CSS: box with zig-zag border
February 10, 2013Last update: March 29, 2020
In the last few days, I started to play with CSS3 linear-gradient()
function taking inspiration from CSS3 Patterns Gallery by Lea Verou.
To understand how it works, I tried to do some experiments and more precisely to create a box with zig-zag border to use as header or side box. In both cases, box is liquid.

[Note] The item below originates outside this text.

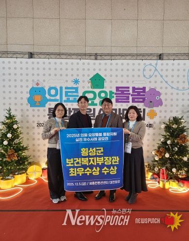 뉴스펀치 김길룡 기자 | 횡성군은 한국보건복지인재원이 주관한 ‘2025년 의료요양돌봄 통합지원 실천 우수사례 공모전’에서 '보건소 협업을 통한 통합돌봄 선순환 구축 사례'로 최우수상(보건복지부장관상)에 선정됐다고 밝혔다.
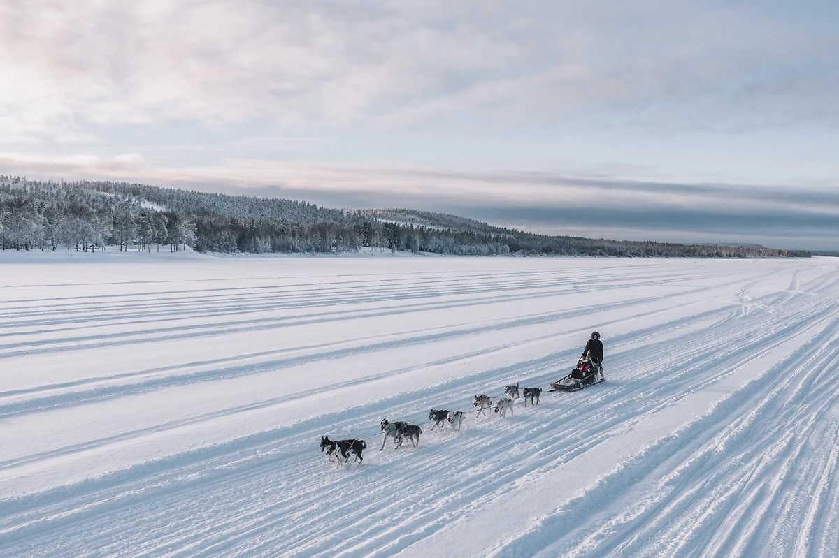 Petit déjeuner à l´hôtel puis départ vers le camp des huskys pour une expérience absolument inoubliable de balade en traîneau tiré par les chiens. Après une présentation de l'activité et de ces sportifs de l'arctique vous partirez pour un petit safari d'environ 5 km (durée de l'activité : 2h, 5km + transfert). Ce safari vous conduira au milieu des espaces sauvages de Laponie avec des attelages de chiens débordant d'enthousiasme. Après le safari, savourez un jus de baies bien chaud autour d'un feu tout en écoutant des histoires sur la vie des huskys.

To create a box with a zig-zaged bottom border I wrote these lines:
.h-zigzag { /* Horizontal */
background:
linear-gradient(-135deg, #333538 5px, transparent 0) 0 5px,
linear-gradient(135deg, #333538 5px, #fff 0) 0 5px;
background-color: #333538;
background-position: left bottom;
background-repeat: repeat-x;
background-size: 10px 10px;
}
And this is the code to create a box with zig-zaged right border:
.v-zigzag { /* Vertical */
background:
linear-gradient(45deg, #ec173a 5px, transparent 0) 0 5px,
linear-gradient(135deg, #ec173a 5px, #fff 0) 0 5px;
background-color: #ec173a;
background-position: right top;
background-repeat: repeat-y;
background-size: 10px 10px;
}
The complete example is available on GitHub.
Notes on compatibility
On Mozilla Firefox 18+, Opera 12+ and MS Internet Explorer 10 the code works out of the box. For Google Chrome and Apple Safari we still have to use the vendor prefix -webkit-: in my opinion the best solution is to use Prefix free, keeping our CSS standard compliant.
For versions of MS Internet Explorer previous than 10, the fallback is already included: box without zig-zag decoration. And if you are asking yourself "do websites need to look exactly the same in every browser?", this is the response.